# Is ESP real? Is it natural?



## Bigshadow (Jul 14, 2006)

Sorry, I figured I would start a new thread instead of drifting an existing one...   Here is the post in question...

http://www.martialtalk.com/forum/showpost.php?p=575565&postcount=45



			
				Tulisan said:
			
		

> Something like ESP.... couldn't it be something that we all have?


Oh, I believe it is very natural. I do not believe there is anything magical about it. I believe it is as natural as the gazelle that can feel the lion stalking them in the weeds, even though they have not yet smelled him, heard him, or seen him, they sense it. I all mammals have this ability, just we humans have taught ourselves not to trust what we feel, unless we "See" it. As with the Gazelle, seeing the lion may mean he is too late. I firmly believe this is part of our natural survival instincts.


----------



## Cryozombie (Jul 14, 2006)

Bigshadow said:
			
		

> Oh, I believe it is very natural. I do not believe there is anything magical about it. I believe it is as natural as the gazelle that can feel the lion stalking them in the weeds, even though they have not yet smelled him, heard him, or seen him, they sense it. I all mammals have this ability, just we humans have taught ourselves not to trust what we feel, unless we "See" it. As with the Gazelle, seeing the lion may mean he is too late. I firmly believe this is part of our natural survival instincts.



I agree, but like you said, I think we have trained this out of ourselves.


----------



## Carol (Jul 14, 2006)

I think it's real, natural, and we all have the capabilty to a certain degree...but in some people it is heightened.

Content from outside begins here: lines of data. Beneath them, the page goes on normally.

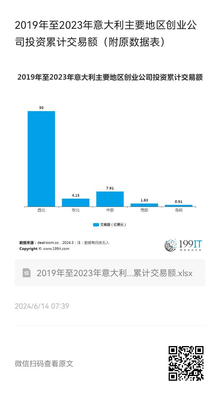 2019年至2023年意大利主要地区创业公司投资累计交易额(附原数据表) ​​​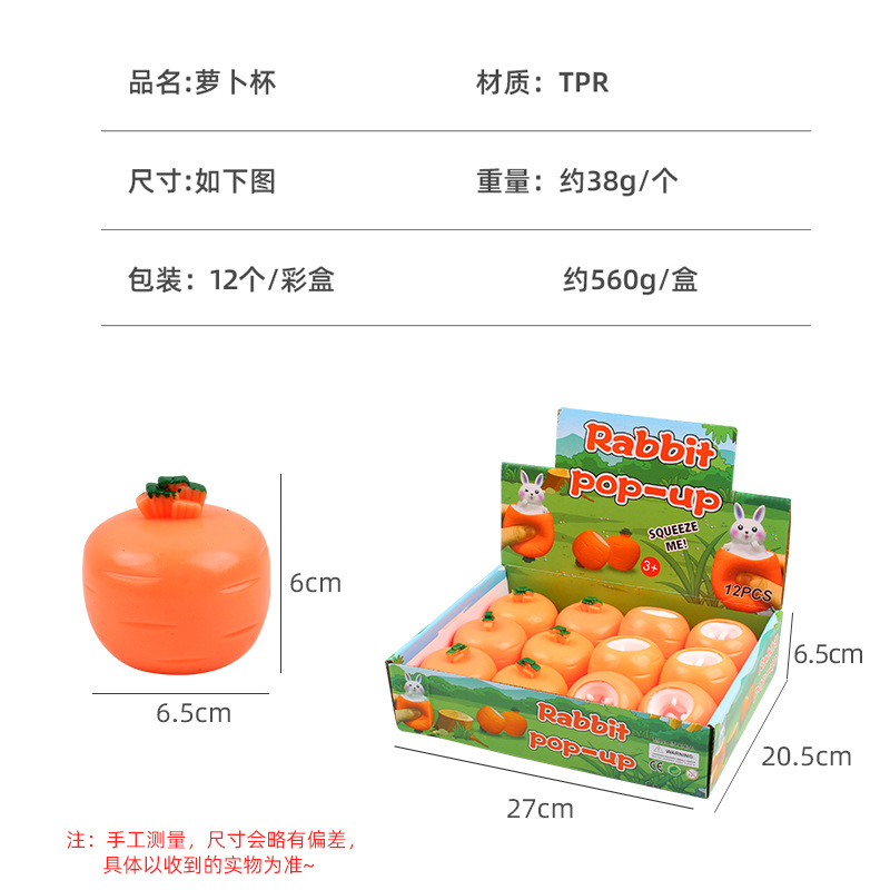 新奇特挤压 发泄萝卜兔 创意发泄解压兔子伸缩杯 儿童玩具捏捏乐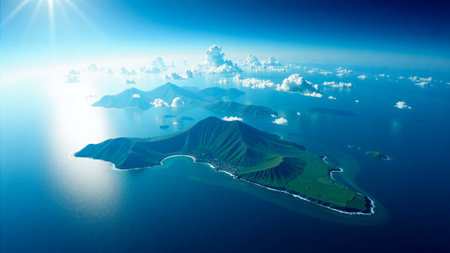 Bright sun reflects off calm blue waters surrounding lush green islands. Rolling hills stretch across the landscape, with puffy clouds dotting the sky above.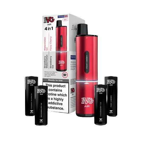 IVG AIR 4-in-1 is the all-new rechargeable vapes which contains pre-filled 4 x 2ml with 20mg Nicotine. It provides flavourful and exciting experience for any vaper . All IVG Air Pods are replaceable with 27 flavours.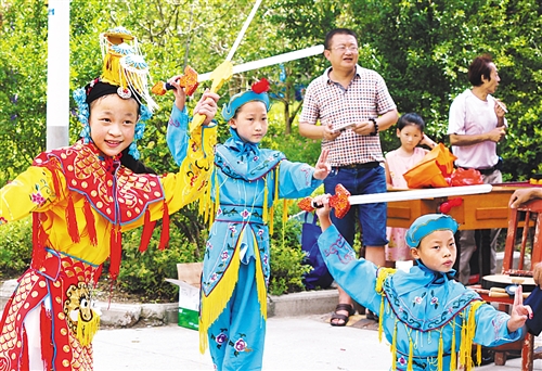 江蘇省海安市經濟技術開發區戲曲小票友在社區為居民表演京劇,豐富假日生活。 李曉亮攝
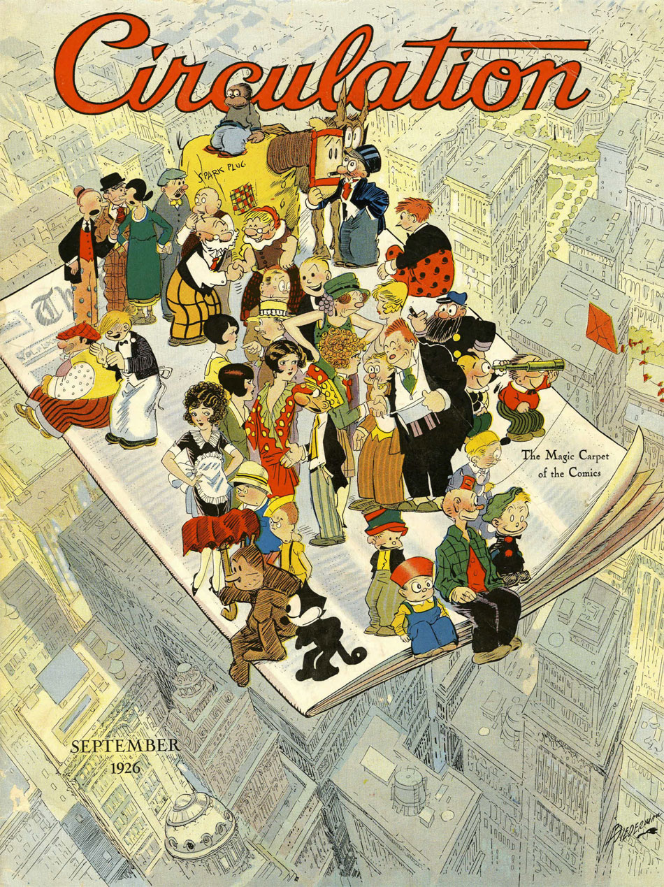 Biedermann's "The Magic Carpet of the Comics", published on the cover of Circulation magazine in September 1926.

The key to some of the behaviour that is associated with ESP is the brain's pattern matching abilities.  The mind draws subconscious connections between a trigger and an event.

In people with autism, the brain's pattern matching abilities are often on overdrive...making the folks all the more susceptible to ESP-like perceptions.


----------



## evenflow1121 (Jul 14, 2006)

I believe its real, but for me I guess it is just a heightened form of instinct.  Even if we have evolved to the point where we forget we have it, we still do have that little thing called instinct.  It is still there, like David said we have simply taught ourselves not to trust it.


----------



## michaeledward (Jul 14, 2006)

Of course it does not exist. 

If we can 'sense' something, it is through the 'sensory' input mechanisms in our body. That we may be unaware of the nerve endings firing off does not mean it is not a simple chemical/electrical reaction in our body.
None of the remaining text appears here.